- Marvin N. Wright, wright@imbs.uni-luebeck.de
- Extended by Matt Bonakdarpour
This fork of the ranger package contains implementations of the following two methods:
- Random Forest Reshaping (Bonakdarpour et al., 2018)
- Discrete Choice Random Forests
The reshaping implementation allows the user to input a character vector corresponding to the desired reshaped predictor variables. The reshaping algorithm will enforce the constraint such that the predictions are monotonically increasing with respect to those input variables.

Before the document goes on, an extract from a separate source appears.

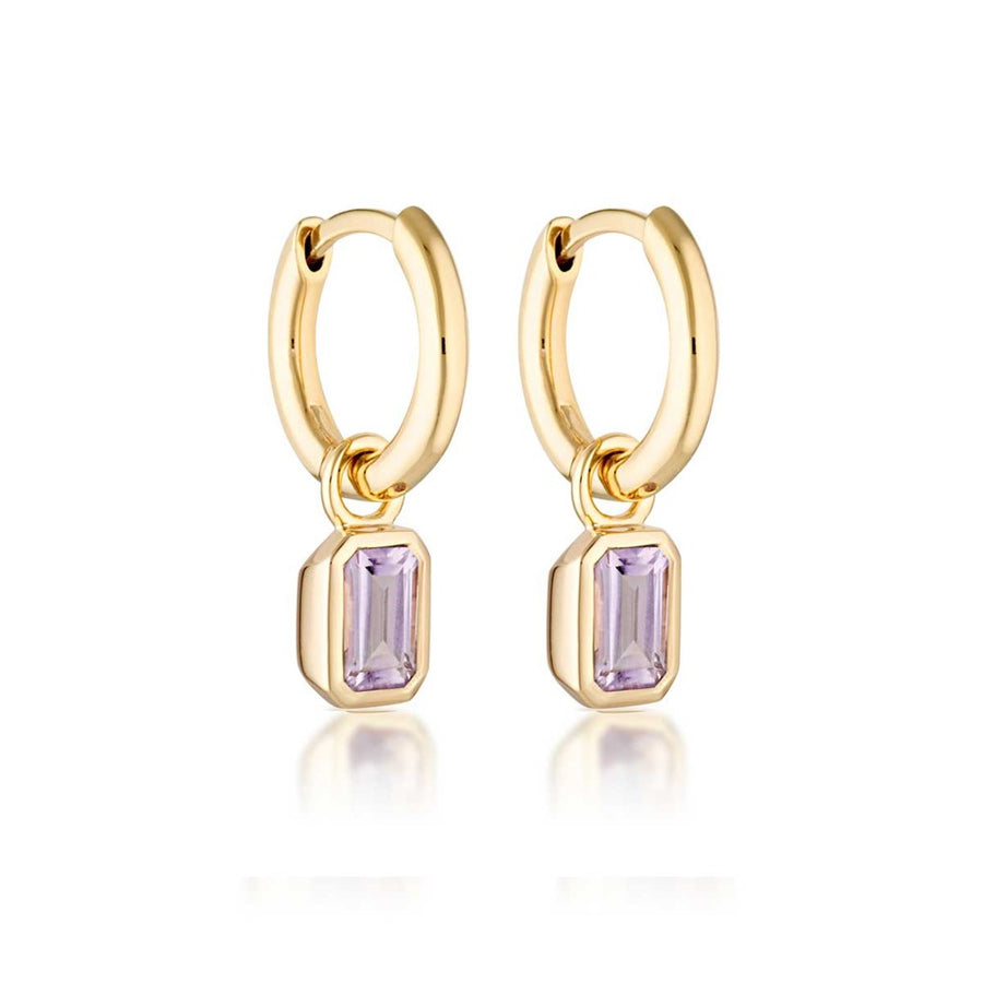 Our Classic Huggie Earrings featuring our Gemme Amethyst charms. Wear them with the charm, or remove the charms to wear as a stand-alone huggie earring style.

The current reshaping functionality is only implemented for regression and probability trees. In the master branch, only the "over-constrained estimator" (Bonakdarpour et al, 2018) is implemented to minimize dependencies on external packages. The reshape-only
branch also contains the "exact estimator" but requires updates to the Makevars
file based on your local mosek
installation path.
Here is example usage for fitting a shape-constrained random forest with respect to an input variabled called bmi
:
rf <- ranger(dependent.variable.name = 'y',
data = input.data.df,
write.forest = TRUE,
num.trees = 100,
sc.variable.names = c('bmi')
)
The discrete choice random forest implementation allows the user to specify a speedy
input parameter which implements an approximate split-finding algorithm for efficiency. The input dataframe is expected to be in "long" format as defined by the mlogit
R package.
The implementation expects a column labeled agentID
which uniquely identifies the agent making the choice in the corresponding row. Each row contains information about a choice event -- predictor variables for the agent and a single item. Multiple rows will correspond to an agent. The dependent variable is assumed to be an integer (0 or 1) depending on whether or not the agent chose the corresponding item in that row. The remaining columns are assumed to be predictor variables.
Example usage:
rf <- ranger(dependent.variable.name = 'choice',
data = input.data.df,
write.forest = TRUE,
num.trees = 100,
discrete.choice = TRUE,
speedy = TRUE
)
- Wright, M. N. & Ziegler, A. (2017). ranger: A Fast Implementation of Random Forests for High Dimensional Data in C++ and R. Journal of Statistical Software 77:1-17. http://dx.doi.org/10.18637/jss.v077.i01.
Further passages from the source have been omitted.